Vous avez sans doute du entendre dire que les planches sont les travaux que présentent les francs-maçons à leurs frères de Loge. Vous entendrez sans doute parler de planche philosophique ou de planche symbolique. Je m’inscris en faux et refuse ce distinguo. Si une planche dite philosophique était un traité de philo nous aurions intérêt à aller dans un café philo rencontrer un philosophe qui nous en apprendrait sans doute plus. Quant aux planches dites symboliques, de grands spécialistes maçons en ont fait l’exégèse dans des livres ; il me semble inutile de les copier ou de vouloir faire mieux. Les Francs-Maçons seraient-ils des philosophes ou des symbolistes pour autant ? Deviendraient-ils de grands spécialistes parce qu’ils « planchent » et utilisent parfois des mots pompeux et abscons. Non les Francs-Maçons ne sont rien de tout cela ; ni des philosophes ni des symbolistes.
Une planche n’est pas une dissertation sur un sujet donné. Lors de sa présentation, elle ne se veut pas parfaite mais bien au contraire comme reflétant le moi le plus profond et personnel de celui qui la présente.
Alors qu’est ce que c’est qu’une planche ?
C’est d’abord un travail sur un sujet donné ou choisit quel qu’il soit. Mais pas n’importe quel travail ; un travail sur ce sujet certes mais en se servant des outils et symboles qui sont offerts aux Francs-Maçons au rite qu’ils pratiquent dans leur Loge. Par exemple pour exprimer la mesure, ils vont se servir du pavé mosaïque. Les outils et symboles leur servent à analyser leur travail, à trouver des solutions qu’ils proposent à leurs frères. Mais ce travail ne peut réellement être effectué que par un travail d’introspection et d’intérioriser les symboles du rite pratiqué.
Une planche c’est un savant mélange de soi-même, de symbolisme (pas pour le symbolisme en lui-même mais pour aider à traiter du sujet donné) et du sujet que l’on traite. Mais la planche ne s’arrête pas à tracer ou écrire cette fameuse planche. On doit aussi ternir compte que ce travail est destiné à être lu et que les Frères de la Loge la reçoivent par oral.

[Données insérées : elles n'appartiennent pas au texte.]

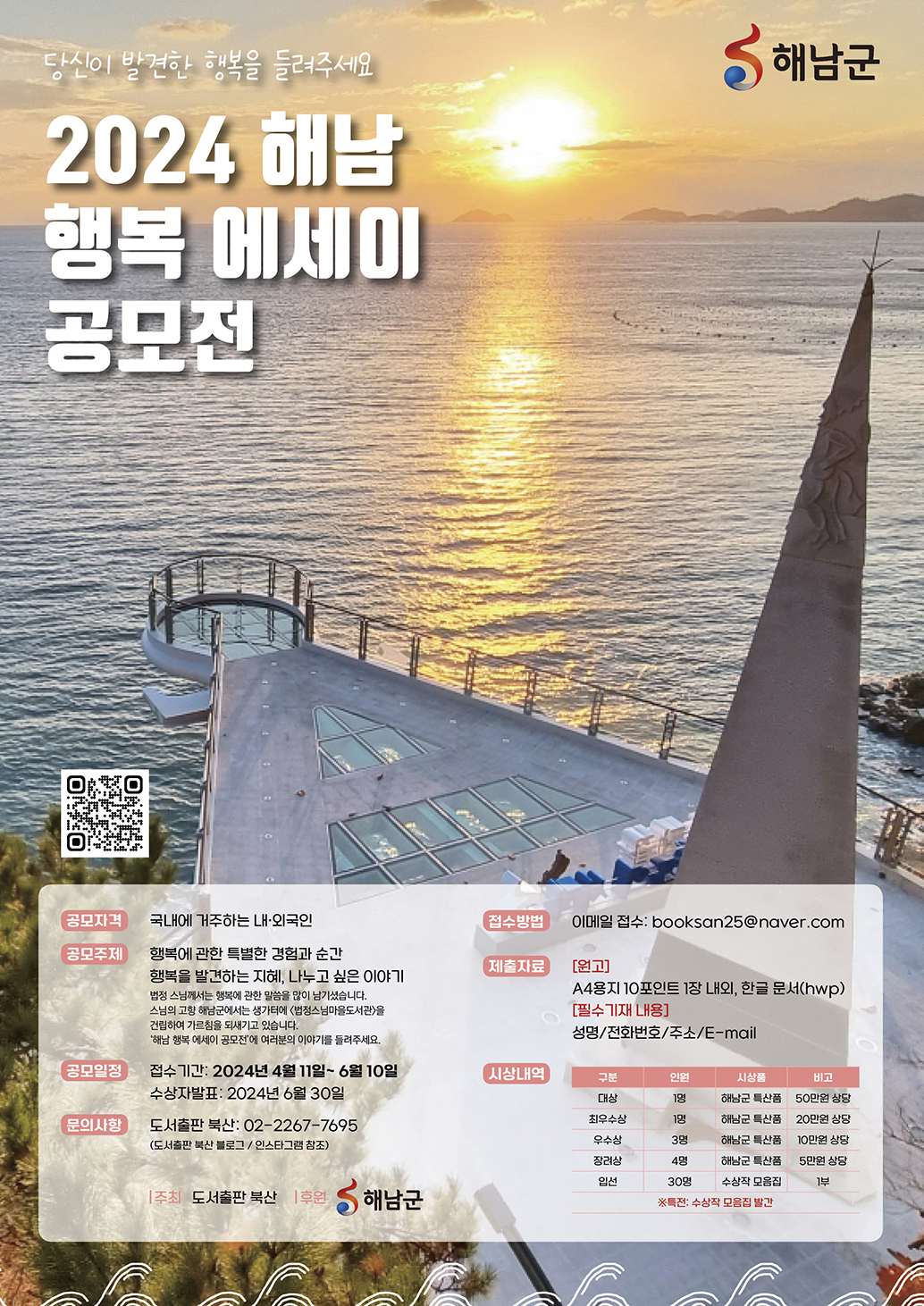 첨부파일 다운로드2024 해남 행복 에세이 공모전 _보도자료도서출판 북산.hwp

Et puis une planche ne se limite pas à sa présentation aux frères de sa Loge. Après sa présentation, les frères nous renvoient sur ce qu’ils ont compris de qui vient de leur être présenté. Par leurs interventions, leurs questionnements, ils enrichissent le travail présenté que chacun croyait sans doute abouti. Une planche n’est pas l’addition d’opinions plurielles, elle est une fulgurance entre la vision du conférencier et des frères de la Loge.
Les planches ne sont pas longues. L’attention de l’être humain, y compris des francs-maçons, surtout le soir, malgré tout l’intérêt du sujet traité, dépasse rarement la demi-heure. C’est une contrainte que chacun doit prendre en compte. Rares sont les planches qui peuvent se prolonger. Une fois, j’ai traité de l’initiation maçonnique à travers l’opéra de Mozart « La Flûte Enchantée ». Je ne pouvais pas traité un sujet aussi vaste en moins d’une heure et quart. Par l’illustration de croquis, de tableaux, de vidéos musicales de l’opéra, je suis parvenu à retenir l’attention de mes frères. Et nous avons eu des échanges pendant une demi-heure après la présentation. Mais ce fut bien la seule fois pour un sujet bien particulier qui présentait l’intérêt de pouvoir distraire les frères pendant les vidéos.
Les planches, s’il y en a une ou deux de présentées à chaque tenues, n’engagent pas chaque frère à en présenter souvent. Cela revient à une planche par an à peu près. Plus les planches dites d’élévation quand on doit passer compagnon et maître dont les sujets sont souvent imposés et qui doivent démontrés de la maîtrise du degré précédent.